__TO DO__
Reproduce exactly, and only, the lines of the material below running from the line bearing "Fabulous Frannie Aromatherapy" through the line bearing "(b) Fig. 2.". Leave any pictures out.

__AVAILABLE DATA__

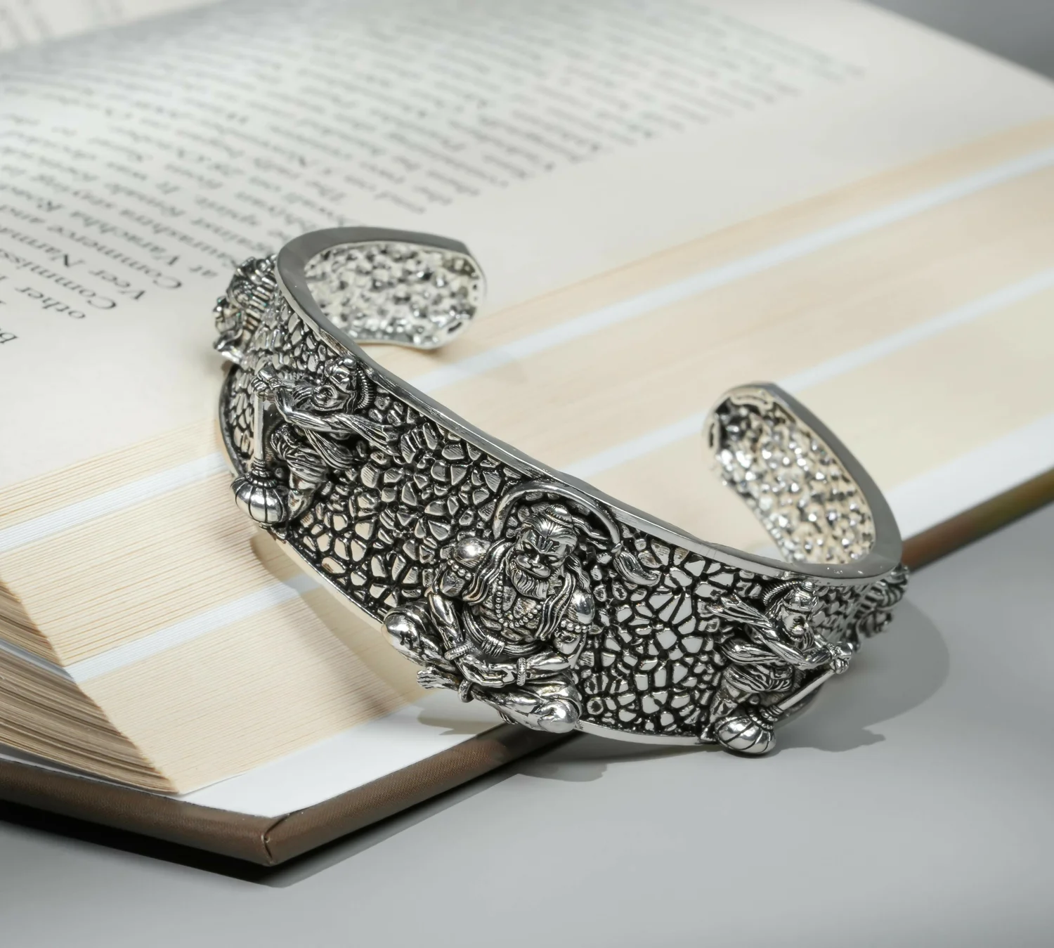 A beautifully crafted Hanumanji kada featuring intricate carvings of Lord Hanuman in a meditative pose with devotional detailing. This antique finish bracelet combines spiritual significance with a bold traditional look, making it perfect for daily wear, religious occasions, or gifting. The adjustable open design ensures a comfortable fit for any wrist.
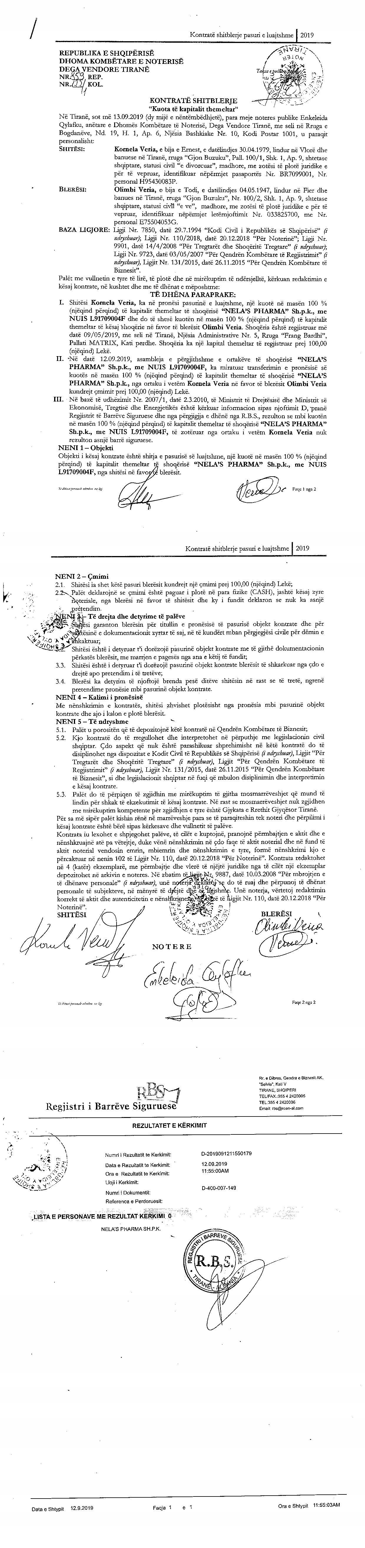 → Ekstrakt historik i regjistrit tregtar 06.02.2020 → Akti i themelimit → Kontrate shit-blerje kuotash 13.09.2019 |
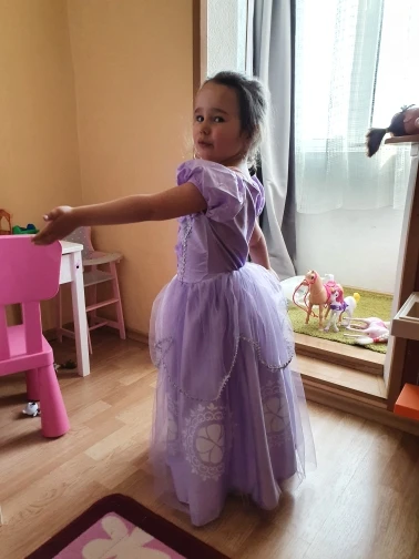 Моя дочь будет 8 лет, и размер 9 подходит ей отлично, очень хорошая ткань хорошего качества, я очень доволен платьем.
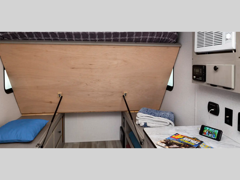 You'll enjoy the ROK Camping Made Easy Package with an outside shower, exterior LED lighting, and 7-way hooks. There are also tinted windows, a 12V power fan, plus 12V outlets and a USB charging port to keep your electronics charged. Each model also includes an ROK Kitchen Package that will allow you to cook and store meals each day!
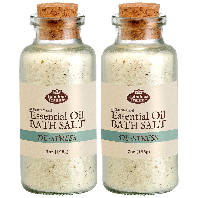 Fabulous Frannie Aromatherapy De-Stress Essential Oil Mineral Bath Salt Grapefruit, Ylang Ylang and Lavender Pure Essential Oils 7oz (Pack of 2)
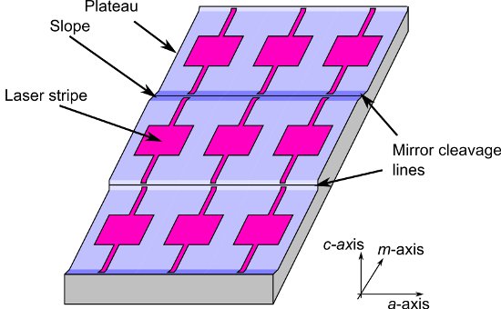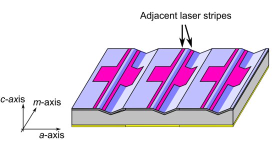(b) Fig. 2. (a) Schematic of a laser diode mini-array. Due to different substrate off-cut (and different indium content of the active region), each stripe emits at a different wavelength. (b) Schematic of a single stripe laser diode with non-absorbing mirrors. Due to increased substrate off-cut near the mirror facets, the amount of indium is lower in those regions than in the laser stripe region. Thus, light emitted in the stripe region is not absorbed in the facet region. |
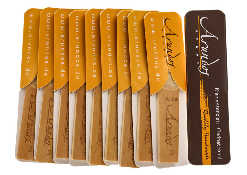 Arundos Reed Bb-Clarinet Aida 2,0, Reeds for German B Flat Clarinet, Aida, Strength: 2.0, Easy response, For short to medium tip, Noble sound, Good control in all registers, Made of the finest French cane, Made in Germany, Set of: 10 Reeds
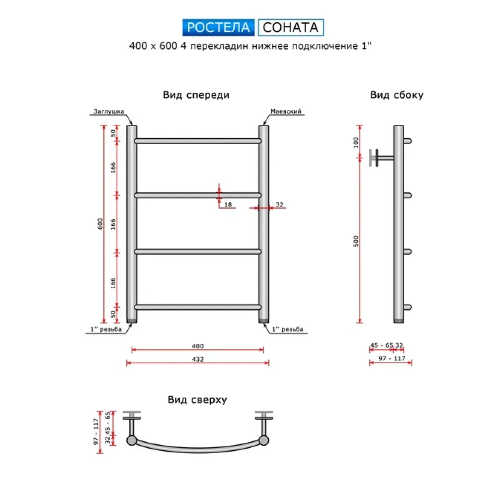 Тип: водяной , Форма: лесенка , Материал: нержавеющая сталь , Подключение: нижнее , Посадочное (межосевое) расстояние: 400 мм, Посадочный диаметр: 1 ", Высота: 60 см, Ширина: 40 см, Цвет: полированная сталь
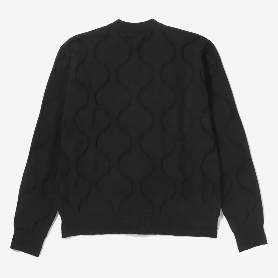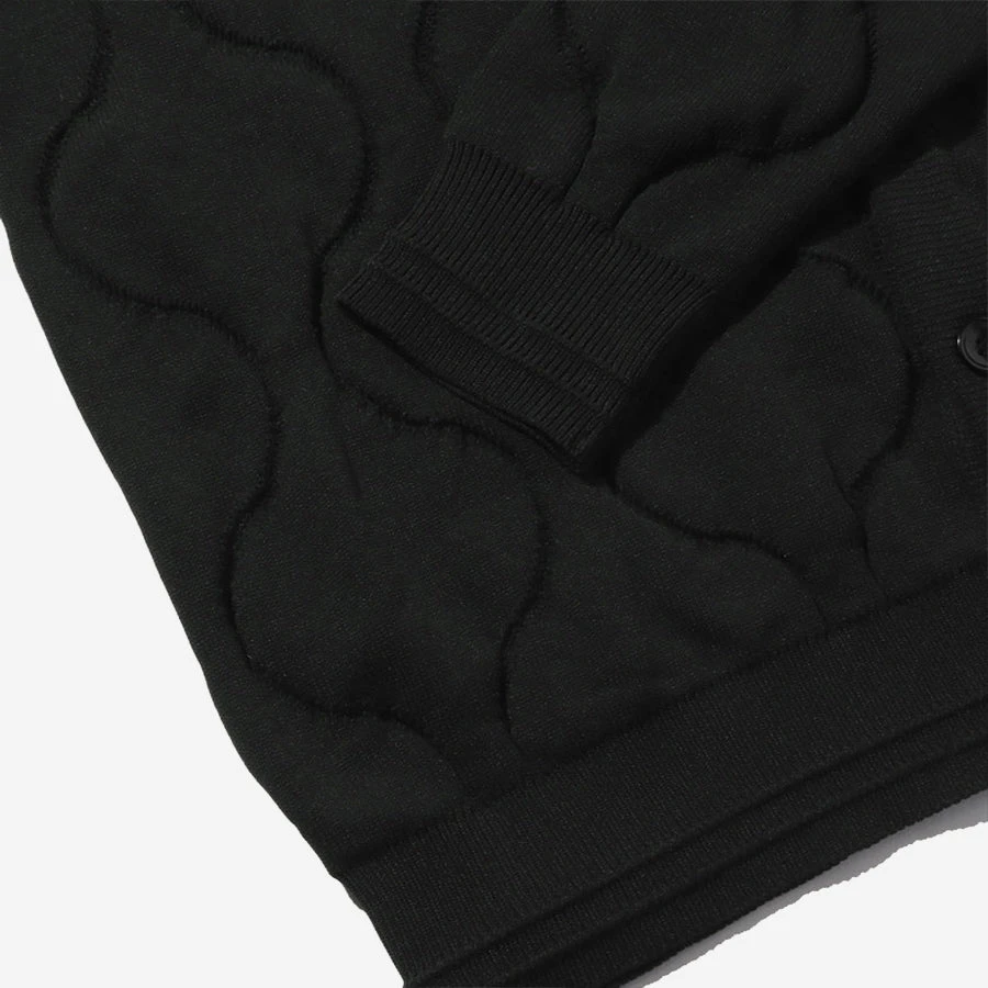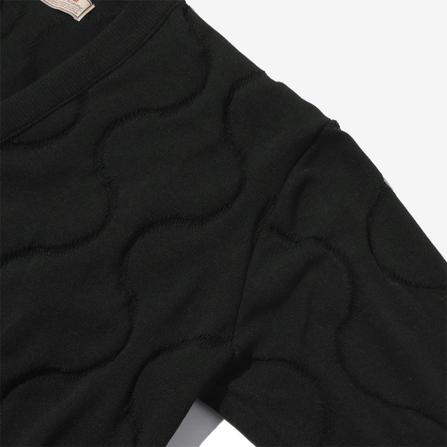 Ecopet yarn is a 100% recycled material yarn using recycled PET. It is a material with excellent lightness, comfortable stretchability, and soft touch due to special thread processing and dyeing. The loofah (or dumbbell) quilt stitching pattern makes good use of the force that is a characteristic of the thread, and a three-dimensional expression is realized. Ribbed neck, hem and cuff finish off the look.

__TASK RESULT__
 Fabulous Frannie Aromatherapy De-Stress Essential Oil Mineral Bath Salt Grapefruit, Ylang Ylang and Lavender Pure Essential Oils 7oz (Pack of 2)
(b) Fig. 2. (a) Schematic of a laser diode mini-array. Due to different substrate off-cut (and different indium content of the active region), each stripe emits at a different wavelength. (b) Schematic of a single stripe laser diode with non-absorbing mirrors. Due to increased substrate off-cut near the mirror facets, the amount of indium is lower in those regions than in the laser stripe region. Thus, light emitted in the stripe region is not absorbed in the facet region. |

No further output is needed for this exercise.